BEGIN DATA LISTING
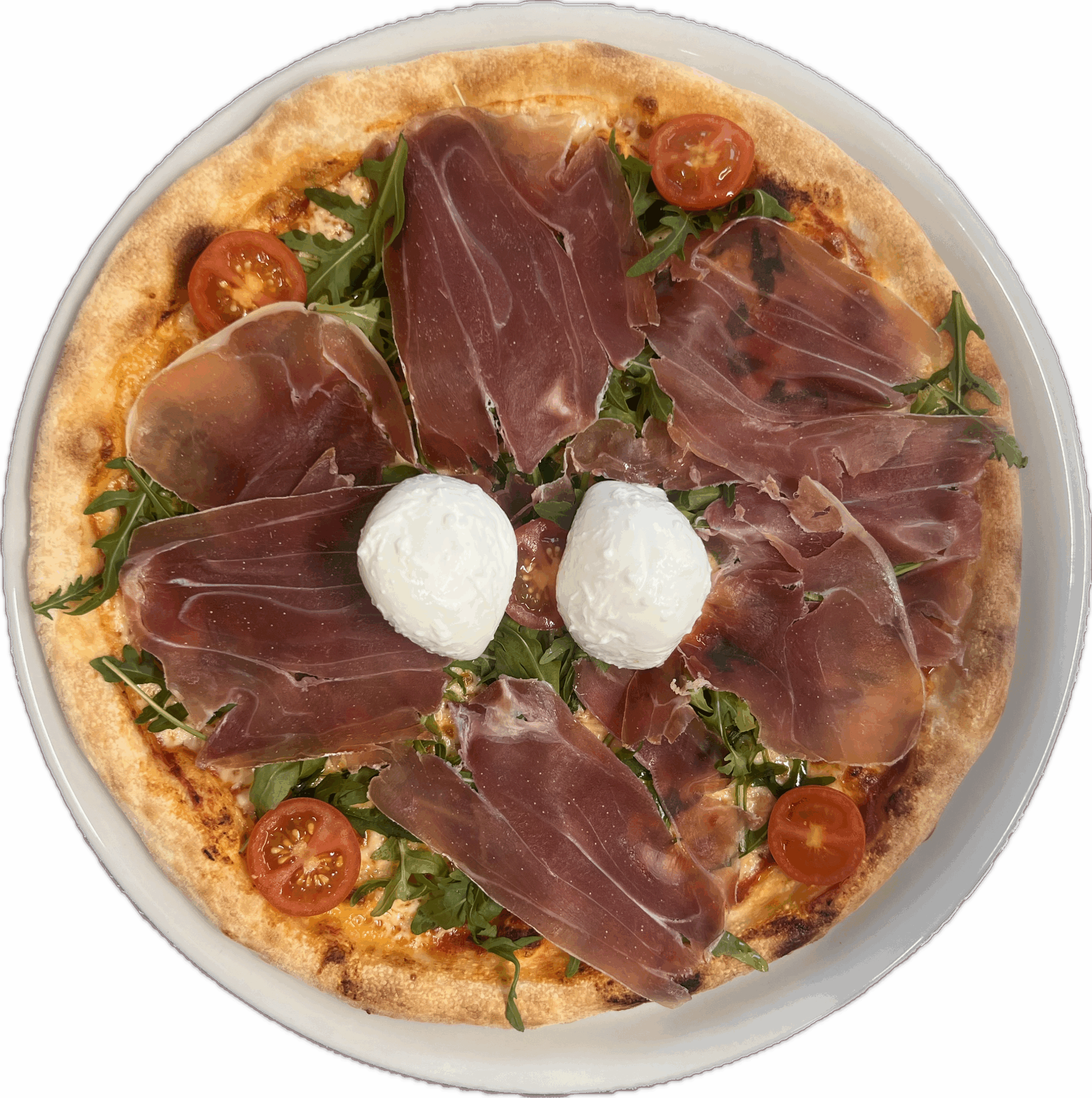 San DanielaTomaten, Mozzarella, Burrata, San Daniela Roschinken, Datteltomaten
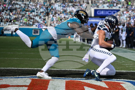 Jacksonville Jaguars cornerback Montaric Brown (30) breaks up a pass intended for Seattle Seahawks wide receiver Jaxon Smith-Njigba (11) during the second half of an NFL football game Sunday, Oct. 12 2025, in Jacksonville, Fla. (AP Photo/John Raoux)
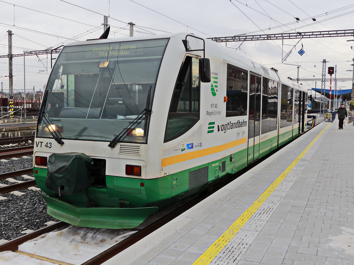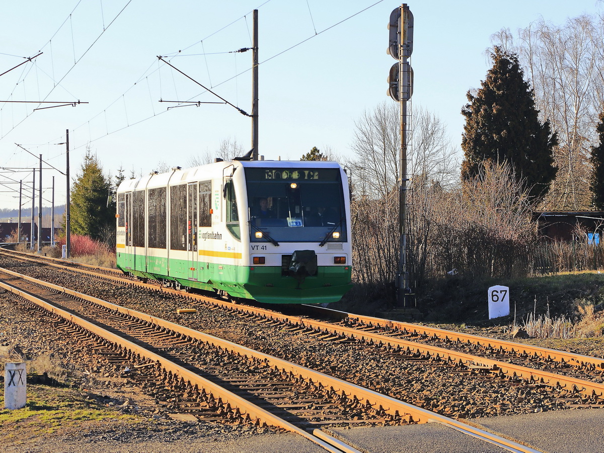Die Vogtlandbahn mit einem RS1 von Zwickau auf dem Weg nach Adorf, schlängelt sich hier durch das verschneite Elstertal nahe Weischlitz am 06.02.2019 Andreas Schreiber
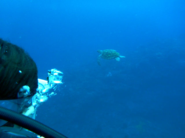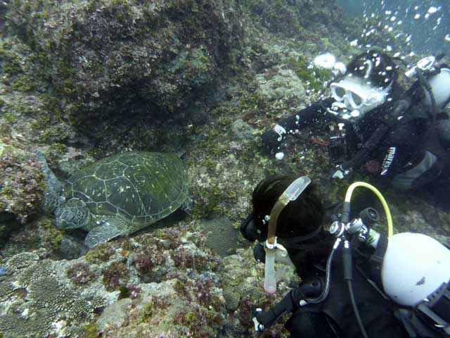 あとはアオウミガメも今日はたくさん見られ、とっても近くに寄ってみたりもして、天気はちょっとグズついてはおりましたが、綺麗な八丈島の海を楽しんで頂けました。
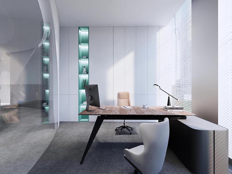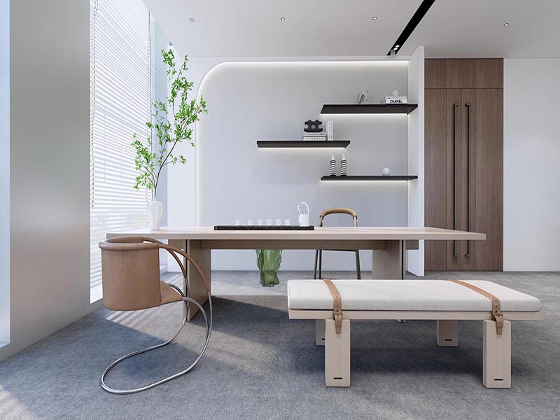 装修作风不同于普通办公室的严肃安静,可根据个人喜好随心所欲地布置,但应以不分散留意力,便于清洁打扫为限。假设房间面积足够,可思索在室内放置一些花草,可以增加颜色,还可以净化空气。
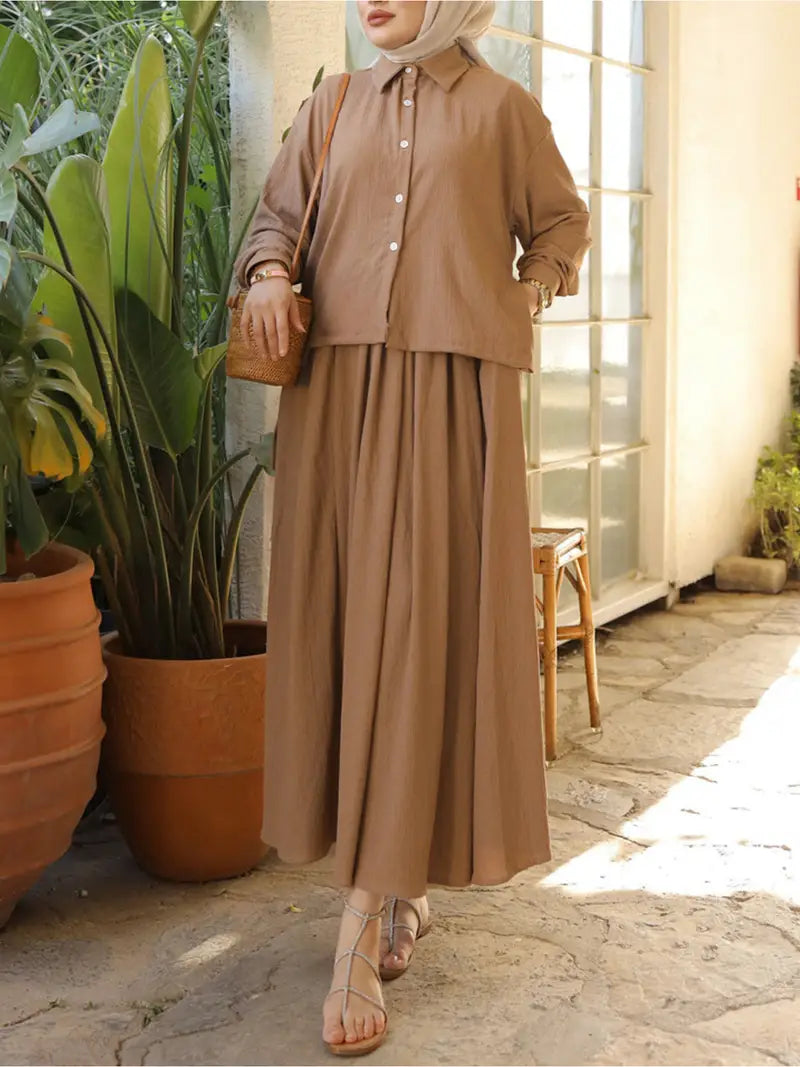 Composé d’un chemisier boutonné élégant et d’une jupe fluide à ourlet froncé, cet ensemble offre une allure féminine et raffinée.
END DATA LISTING
_ACTIVITY_: Leave every image out, and retype the material exactly.

_RESPONSE TO THIS TASK_:
 San DanielaTomaten, Mozzarella, Burrata, San Daniela Roschinken, Datteltomaten
 Jacksonville Jaguars cornerback Montaric Brown (30) breaks up a pass intended for Seattle Seahawks wide receiver Jaxon Smith-Njigba (11) during the second half of an NFL football game Sunday, Oct. 12 2025, in Jacksonville, Fla. (AP Photo/John Raoux)
Die Vogtlandbahn mit einem RS1 von Zwickau auf dem Weg nach Adorf, schlängelt sich hier durch das verschneite Elstertal nahe Weischlitz am 06.02.2019 Andreas Schreiber
 あとはアオウミガメも今日はたくさん見られ、とっても近くに寄ってみたりもして、天気はちょっとグズついてはおりましたが、綺麗な八丈島の海を楽しんで頂けました。
 装修作风不同于普通办公室的严肃安静,可根据个人喜好随心所欲地布置,但应以不分散留意力,便于清洁打扫为限。假设房间面积足够,可思索在室内放置一些花草,可以增加颜色,还可以净化空气。
 Composé d’un chemisier boutonné élégant et d’une jupe fluide à ourlet froncé, cet ensemble offre une allure féminine et raffinée.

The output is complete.